For those of us who were around at the time, it seemed beyond belief that Richard Nixon, little more than a two-bit hood and a red-baiter, could actually become president of the United States. And the damage he did to the country was immense: Kent State, Chile, Southeast Asia, Watergate, and so on. With Nixon, we became a different country, and hardly a better one.

And then there was Reagan. Who could have imagined that this knucklehead, as Philip Roth has called him, this B-movie actor, could accede to the presidency? But there he was, with a simplistic economic theory that dramatically widened the gap between rich and poor, and a budget that tripled the national debt and poured wasted billions into the military. As in the case of Nixon, he was another downturn from which we have never really recovered. His destructive legacy is with us to this day.

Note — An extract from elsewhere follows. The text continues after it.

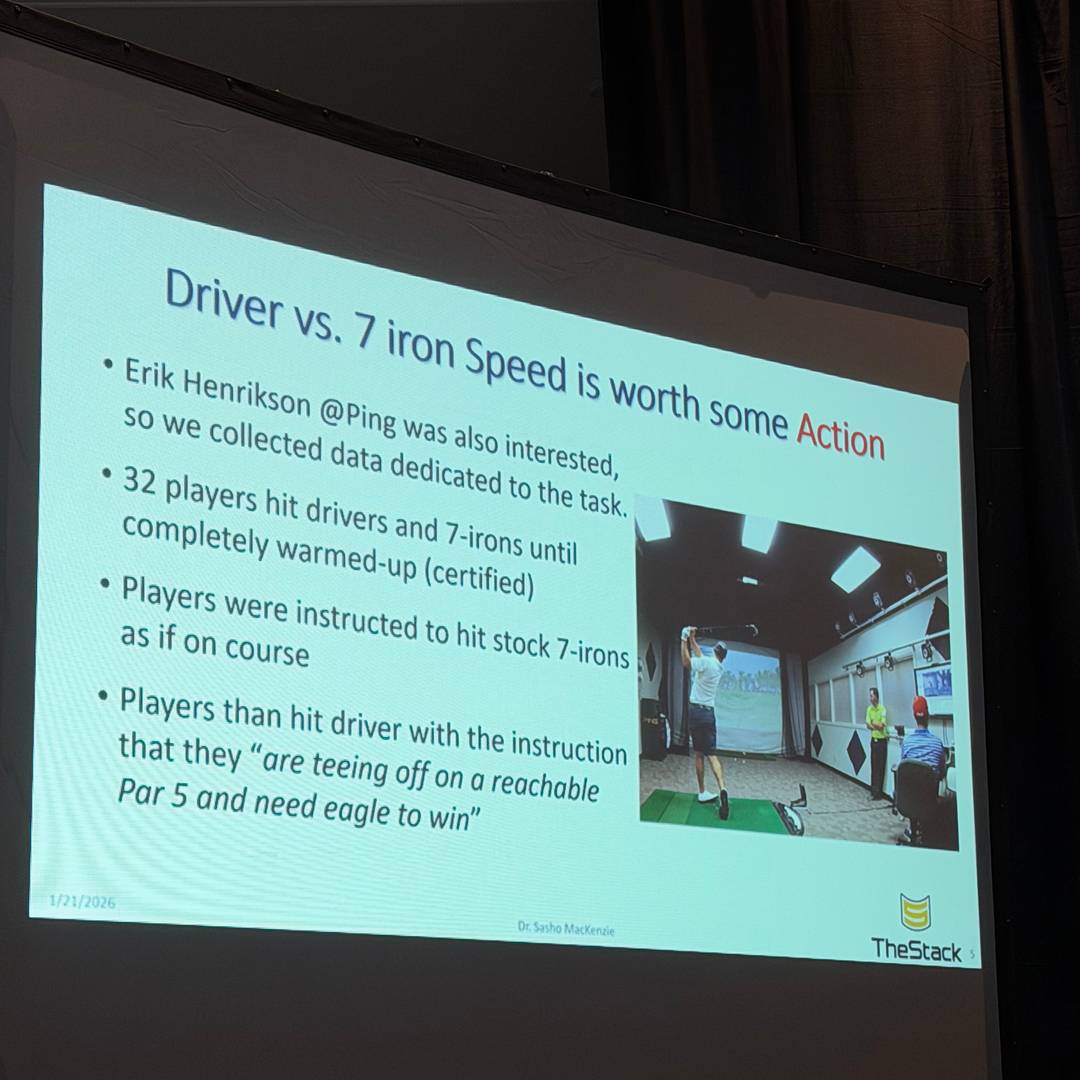 I’m also really curious about Chalkless. It removes oils from your hand and increases friction. I did their torque test at the show and the difference was obvious. I'm going to go nuts for speed training, trying out the new Marucci glove with Chalkless on the right hand 😂 TPT Pulse Putter ShaftI spent time with Jake with Golf.com looking at the new TPT Pulse putter shaft. TPT already makes some of the lowest torque shafts out there for drivers, hybrids, fairway woods (Best driver shaft I've hit!) Low torque matters in putting because the shaft isn’t twisting during the stroke. Jon Sinclair’s data shows it can make a difference even on ten-foot putts. What TPT added here is frequency tuning. Pulse 50 is more muted. Pulse 70 has more click and higher pitch. Most feel is sound. This lets you change sound and feel without changing your putter head. Golf balls are going to be ChipdThis might be the most exciting long-term idea I saw. Chipd is putting a chip inside a golf ball. It tracks distance, speed, launch, spin. Soon it’ll track putting practice sessions. Makes. Misses. Tendencies. The key thing is it feels normal. Sounds normal. No harsh click. They’ve hit drivers with it. It didn’t blow up. I really believe this is where things go... Not next year maybe. But eventually every ball has a chip. The tech gets smaller. Prices come down. GPS and speed live inside the ball itself. Every shot gets tracked automatically. No setup. No extra devices. Green Reading and Putting PracticeI still think green reading is one of the most under-practiced skills in golf. I’m a big fan of Tour Read and Ralph Bauer’s system and we've done some great content with him. You’ve probably seen their AR goggles before. Super cool. Also expensive and clunky. The app changes that. You scan the green with your phone. It maps the topography live and gives you an aim point. Then you can set up gates and actually practice reading greens instead of guessing. WhyGolf Wrist X + Getting RoastedWhyGolf released a new wrist training aid called the Wrist X. Super solid new training aid (we have more content on this soon) They also had Brian Baumgartner (he was Kevin from the office) running a putting competition at the booth. I did not win. I got roasted. LAB Golf DF3 UpdateLAB added a stainless steel insert to the DF3 (their most popular putter). Some of you are going to love that! Open Forum. The late night golf instruction event of the yearI got there late but stayed till after 12:30 and there was some awesome info 😂 Dr. Sasho gave one of the more interesting talks I’ve heard in a while. Here's the question... You tee off with someone on a par three, hit similar irons, then on the next hole you hit driver and they’re 30-40 yards past you. Why does that happen? Might have to ask him to share this with us another time! Stephen Sweeney also shared something that felt obvious once he said it, but I’d never heard the numbers. The top 50 putters in the world have an arc between about 11 and 15 degrees. More important, their face stays within one degree of that arc about 78 percent of the time. As putting gets worse, that percentage drops fast. That feels like just a portion of what happened! You must, must, must watch the new video we just dropped and go browse Instagram to see all the reels LINK So proud of the team for absolutely crushing it this week.

But with Trump: well, this is really our last gasp. The final years of the Roman Empire produced, as emperors, folks who were little more than bad jokes, including imbeciles and children. And this is where we too have arrived. Sitting now in the Oval Office is a cartoon character: a man who has no political experience or qualifications to be president; who touts an absurd haircut; who is a vulgar boor; and who is, nevertheless, the logical culmination of 400 years of hustling—what America is finally and nakedly all about. As the comedian George Carlin used to say, our leaders are representative; they don’t just descend from Mars.

In retrospect, it is clear that Nixon and Reagan were dress rehearsals for The Final Act. They too were unfit for the presidency, and the havoc they wreaked on America and the rest of the world is proof of this. But Trump is somehow in a different category, because he comes across as surreal, an error of a different magnitude than Nixon or Reagan, as grotesque as they were. This is Reality TV on steroids, and I think we can expect that as huge as was the damage inflicted on the nation by Tricky Dick and “the Gipper” (read: clown), the damage that Trump is going to inflict on it will be that much greater. The US will end, not with a bang or a whimper, but on a bad joke.

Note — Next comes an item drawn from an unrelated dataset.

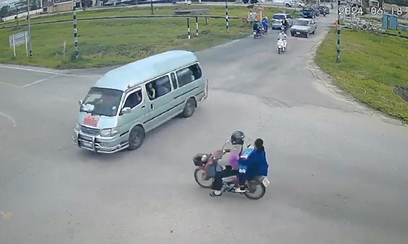 คลิป วินาที ** จยย. ชนกับ รถยนต์ตู้รับ-ส่งนักเรียน สี่แยกขนส่งลำพูน เจ็บ 7ราย

And it’s just as well. No civilization lasts forever, and our time is clearly up. What are we, really? A genocidal war machine run by a plutocracy and cheered on by a citizenry that has the political sophistication of a five-year old. A nation so cruel that in some states, it is a crime to feed the homeless, and where the police routinely gun down unarmed civilians. A place where torture is now legal, and where the government has the right to arbitrarily rub out anyone it dislikes—including American citizens on American soil. A country almost completely lacking in community and friendship, where no one trusts anyone else, and where daily relationships are of the dog-eat-dog variety. And where the focus of the left is not on the relations of class and power, as it had traditionally been, but on politically correct language, and the legalities of who has the right to use transgender bathrooms. What, indeed, remains of the US today, where “democracy” is but a façade, a hollow shell?

To put it another way, then, Trump is karma writ large, the perfect agent for our Final Act. He is clearly what Hegel referred to as a “world historical individual,” a lightning rod for the major trends of our time. It could well be the case that by the time he finishes with the US, there won’t be very much left to finish.

In the meantime, us Wafers just watch the drama and shake our heads. Who could have guessed that God, or History, or the Zeitgeist, would turn out to have such a perverse sense of humor?